Первое слово предоставлено было Цецилию, который начал говорить в защиту язычества и нападать на христианство. Он открывает свою речь скептическим учением о недоступности для человеческого ума всякого познания. Нет достоверного знания в особенности о том, что лежит вне земного. Философские исследования остались безрезультатными. Поэтому достойно негодования, что некоторые необразованные, невежды (разумеются христиане), чуждые понятия о самых простых искусствах, осмеливаются рассуждать о сущности вещей и Божестве, о чем в продолжение стольких веков спорят между собой философы различных школ. Ограниченности человеческого ума так далеко до познания Бога, что ему недоступно ни то, что находится над нами на небе, ни то, что заключено в глубоких недрах земли; ему не дано это знать и постигать, и даже нечестиво пытаться проникнуть в эти тайны. Должно, следуя древнему изречению мудреца, больше заниматься познанием самих себя. Учение христиан о творении всего Богом — вымысел, так как знание может объяснить происхождение всего существующего теорией различных комбинаций первоначальных элементов, существовавших в недрах природы: все части вселенной образовались, расположились одна подле другой и устроились от случайного столкновения их, и все опять приходит к своему источнику, возвращается к своим началам без всякого художника, без распорядителя, без творца; какой же тут творец — Бог? К чему религия, этот страх перед Божеством, это суеверие? Не может быть принято и учение о Божественном провидении. Что сказать о разнообразных неожиданных явлениях, которые без порядка, без разбора разрушают течение всего существующего? Во время кораблекрушения одинакова судьба добрых и злых, без всякого разбора заслуг тех и других. В пожарах одинаково погибают невинные и преступные. Когда свирепствует в воздухе какая-нибудь губительная зараза, все умирают без разбора. Среди неистовств войны лучшие люди погибают скорее других и т. д. Из всего этого Цецилий делает такой вывод: или истина сокрыта во мраке неизвестности, или же, что всего вероятнее, всем управляет без всяких законов непостоянный своенравный случай (cap. 5).

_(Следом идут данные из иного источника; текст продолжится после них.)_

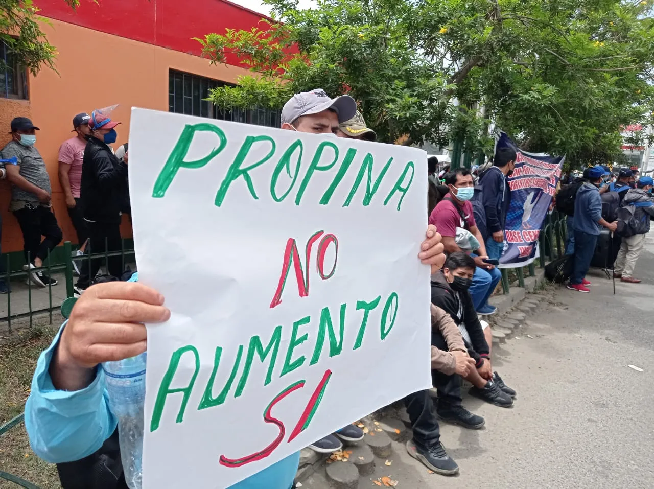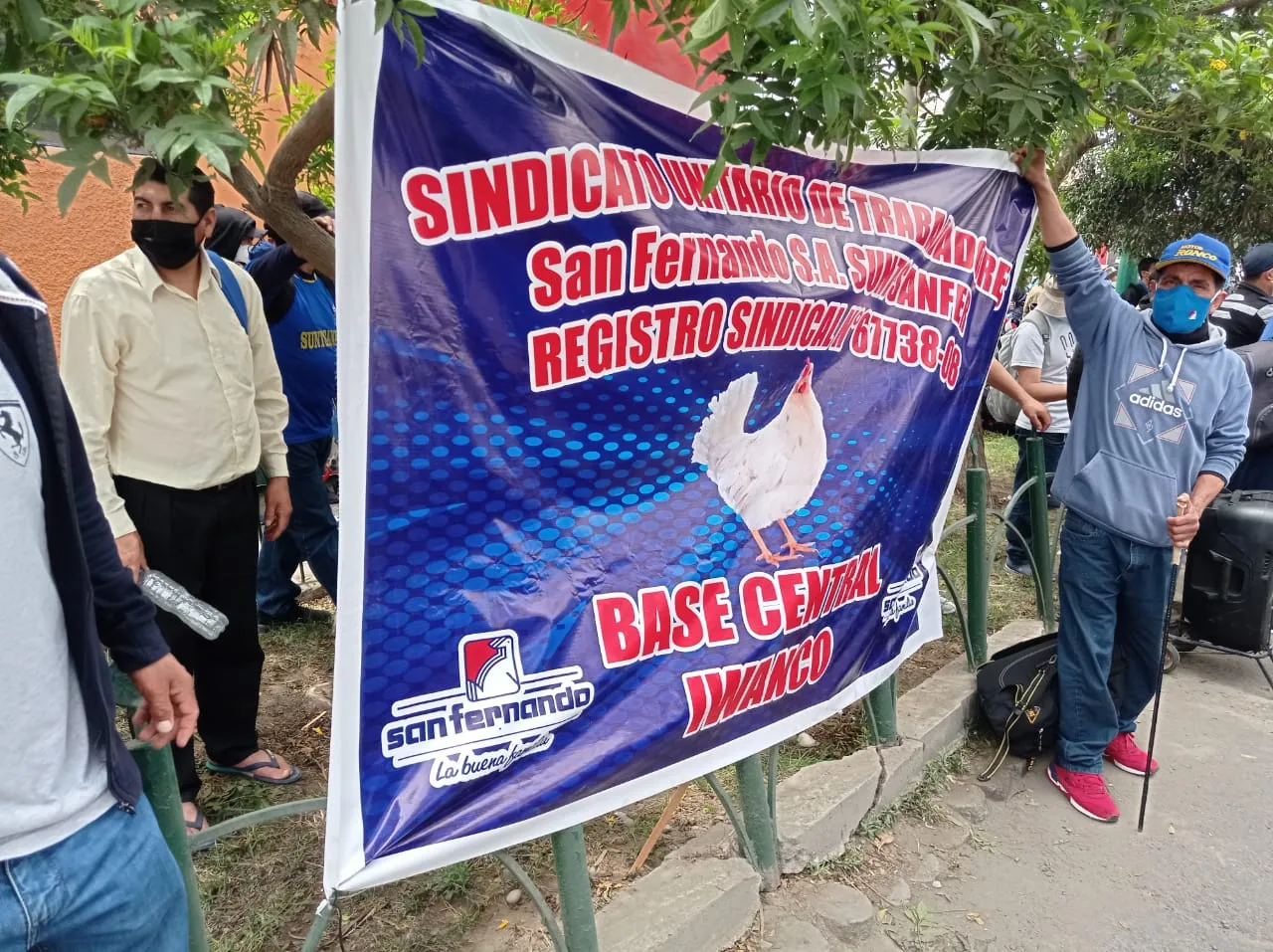 Un nutrido grupo de trabajadores de la avícola San Fernando realiza un plantón en el cruce de la avenida República de Panamá y la calle Portocarrero, en Surquillo, exigiendo aumentos justos de sueldo como parte del convenio colectivo de trabajo correspondiente al periodo 2021-2022.

Когда, таким образом, всюду встречаешь или случай, или таинственную природу, то не лучше ли всего и не почтеннее ли следовать урокам предков как залогам истины, держаться преданной религии, почитать богов, которых родители внушили бояться прежде, чем мы ближе узнали их? Не следует нам рассуждать о богах, а должно верить предкам. Религия, полученная от предков, — общечеловеческое достояние, и уже достаточно доказала свою спасительную силу. Она распространена во всех государствах, провинциях, городах, она древняя, а древность достойна почтения; ее исповедали те, которые были мудрее нас и жили ближе ко времени богов. Этой древней религии римляне обязаны своим благочестием, которое является основой их величия, и всемирной властью, как наградой за их благочестие. Перенося к себе религиозные культы всех народов, Рим заслужил быть царем мира. Храмы и капища служат украшением и ограждением Рима; они священны более тем, что в них присутствуют боги туземные и чужестранные, нежели тем, что они богаты драгоценными украшениями и дарами. Этот религиозный строй Рима всей своей прошлой историей наглядно доказал свою силу в многочисленных фактах высшей помощи. Не напрасно предки с таким тщанием наблюдали предсказания авгуров, обращались к гаданиям по внутренностям животных, воздвигали храмы, устраивали жертвенники. Было бы долго говорить о милостях и благодеяниях богов, проявленных в событиях времен отдаленных, — достаточно сказать, что все эти наблюдения ведут к тому заключению, что близкие к Богу вдохновенные прорицатели предсказывают будущее, предупреждают об опасностях, подают исцеление больным, надежды удрученным, помощь бедным, утешение несчастным, облегчение трудящимся (cap. 6—7). «Итак, — говорит Цецилий, — хотя природа и происхождение богов неизвестны нам, однако все народы согласно и твердо уверены в их существовании, так что я не могу выносить такой дерзости нечестивого безрассудства тех, людей, которые стали бы отвергать или разрушать религию столь древнюю, столь полезную и спасительную».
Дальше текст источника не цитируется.